Berlin: Urban Ethics in an Area of Tension Between Homogenizing Models of Townscape and Demands for Heterogeneous Concepts of Space and Appropriation (Associate Project: 2015 - 2018)
In the two and a half decades since the fall of the Wall and the reunification of the city into a federal capital, the urban spatial future of Berlin has been persistently discussed and argued about. One question is central to these disputes, which urban actors answer in very different ways: How should the city’s spaces be architecturally best articulated and used, and which practices of urban life will promote this? Our research will focus on this linking of different ethics of a good and proper conduct of life in the city with various concepts for urban design and architecture.

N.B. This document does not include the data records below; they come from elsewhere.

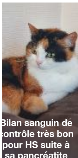
Bilan sanguin de contrôle très bon pour HS suite à sa pancréatite

Quel est le traitement ? Suivant la sévérité et les symptômes, le vétérinaire adapte le traitement : soulager la douleur, arrêter les vomissements, prévenir les infections secondaires, réhydrater, ... L'hospitalisation est le plus souvent nécessaire. C'est une maladie grave qui peut être fatale si elle est non correctement prise en charge.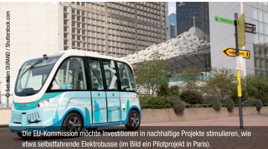
Die EU-Kommission möchte Investitionen in nachhaltige Projekte stimulieren, wie etwa selbstfahrende Elektrobusse (im Bild ein Pilotprojekt in Paris).

Mit dem Ausbau der Kapitalmarktunion will die EU-Kommission Investitionen in umweltfreundliche und sozialverträgliche Projekte fördern. Davon verspricht sie sich nicht nur ein stabileres Finanzsystem, sondern auch eine Kapitalzufuhr für erneuerbare Energien, nachhaltige Landnutzung und Städtebau. So soll der Finanzsektor zu den im UN-Abkommen von Paris vereinbarten Klimaschutzziele beitragen. Mit einem weiteren Vorschlag will die Kommission den Aufbau eines Marktes für Wertpapiere ermöglichen, die durch Staatsanleihen besichert sind. Das soll den EU-Finanzmarkt stabiler machen und Investoren erleichtern, ihre Anlagen in Staatsanleihen breiter zu streuen.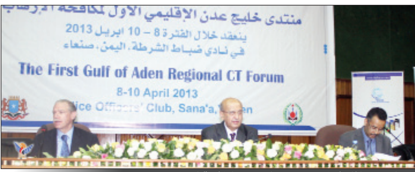
القربي خلال افتتاحه منتدى خليج عدن لمكافحة الإرهاب

حلول مستدامة. وشهد على ضرورة التعاون الإقليمي والدولي والتنسيق أهمية تضافر الجهود على المستويين الإقليمي والدولي لمكافحة الإرهاب وحماية الأرواح والممتلكات وحفظ المجتمع من مخاطر الإرهاب لاسيما في منطقة خليج عدن التي تمثل على أهم الممرات المائية الحيوية في العالم، ويمر عبرها 70 بالمائة من التجارة العالمية. وأشار وزير الخارجية لدى افتتاحه أمس بنادي ضباط الشرطة بصنعاء "منتدى خليج عدن الإقليمي الأول لمكافحة الإرهاب" الذي ينظمه على مدى ثلاثة أيام مركز سبأ للدراسات الاستراتيجية بالتعاون مع وزارة الخارجية والسفارة الأمريكية بصنعاء، إلى أهمية انعقاد المنتدى في الوقت الراهن، ودوره في تعزيز الجهود المبذولة في سبيل مكافحة الإرهاب عبر تبادل الآراء والخبرات واستعراض تحديات التطرف والإرهاب في منطقتنا وكيفية مواجهتها للوصول إلى معالجات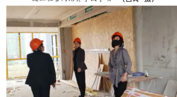
中泰大公馆销售部在贵州长顺售楼部现场调研探讨学习第四代住宅的市场销售情况及客户反响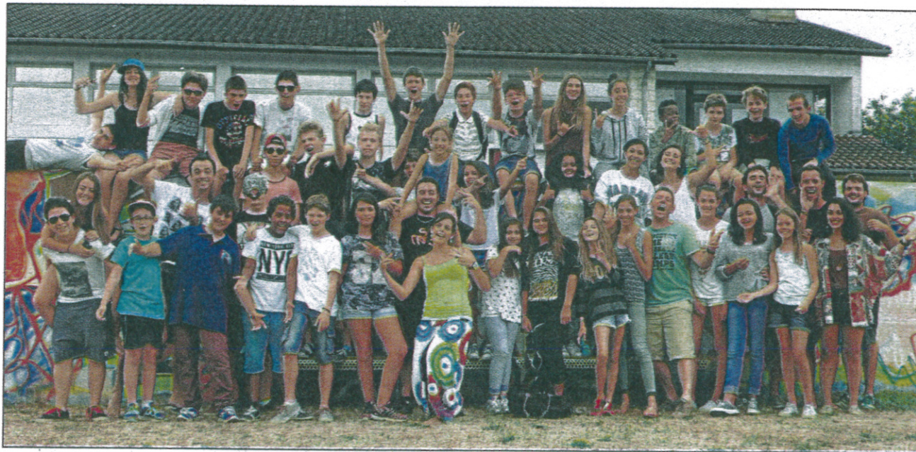
40 jeunes, 7 animateurs, et seulement 72 heures pour réaliser un court-métrage

C'est un sacré défi qu'ont relevé la semaine dernière les jeunes de la MJC de Saint-Jean ! Avec les MJC du Pont des Demoiselles, de Croix-Daurade, de Saint-Céré (Lot) et du PAJ de Mondonville, ce sont 40 jeunes et 7 animateurs qui se sont retrouvés avec une mission : réaliser en 72 heures un court-métrage avec un maximum de créativité. Première parti du défi, en un après-midi : trouver le scénario, les accessoires, distribuer les rôles... Le marathon s'est poursuivi sur la base de loisirs de Mézels,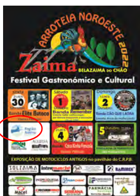
Zaima TT – Clube de Atividades de Lazer e Turismo de Belazaima do Chão ARROTEIA NOROESTE - FESTIVAL GASTRONÓMICO E CULTURAL 22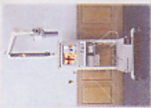
Radio Visio Graphy machine

ด้วยระบบบันทึกข้อมูลและ ภาพสีในจอคอมพิวเตอร์ ทันตแพทย์และผู้ช่วย สามารถทราบผลได้ทันที และพิมพ์ ออกมาเป็นภาพสีได้ทุกรูปที่ผิดปกติ และ ในการตรวจราก ฟัน สามารถเห็นได้ทุกส่วนของขากรรไกรขาบน และ ฟันที่ ผิดปกติในขากรรไกร

Underpinned by discourses on two models of urban development, we investigate diverse urban spatial aims and ideals resulting from specific interpretations of the changing history of urban development and the existing urban structure of Berlin. We observe that the formulation of such objectives as models is always accompanied by attempts to establish specific subjects as guiding figures of the urban; whether these be tradition-conscious ‘urban dwellers’ or entrepreneurial ‘creative citizens’. Both subjects are expected to contribute to the success of urban design processes in Berlin and to the production of the cities’ spaces, as well as to embody the ‘ethos’ of the city through their way of life. However, we are interested not only in models of urban spaces and their ideal subjects, but also in the concrete translation of urban design concepts into physical urban spatial structure. Here we focus on the actors, which influence the architecture of these spaces, use them consciously or actively appropriate them. What is their idea of good urban living and what form of urban subjectivity do they develop? How do they connect this to heterogeneous concepts of urban spaces and their appropriation that might conflict with, call into question, break with or revaluate the normative ideas of models of townspace and urban development?
Using methods of discourse analysis and via urban spatial case studies, the research project aims to render the conflicts surrounding Berlin’s urban spatial development comprehensible in its dimension as ethical negotiation processes. The goal is to gain more precise knowledge about the mutual relationship between the ethics of a good and proper urban living and the architectural concepts and realities of urban spaces.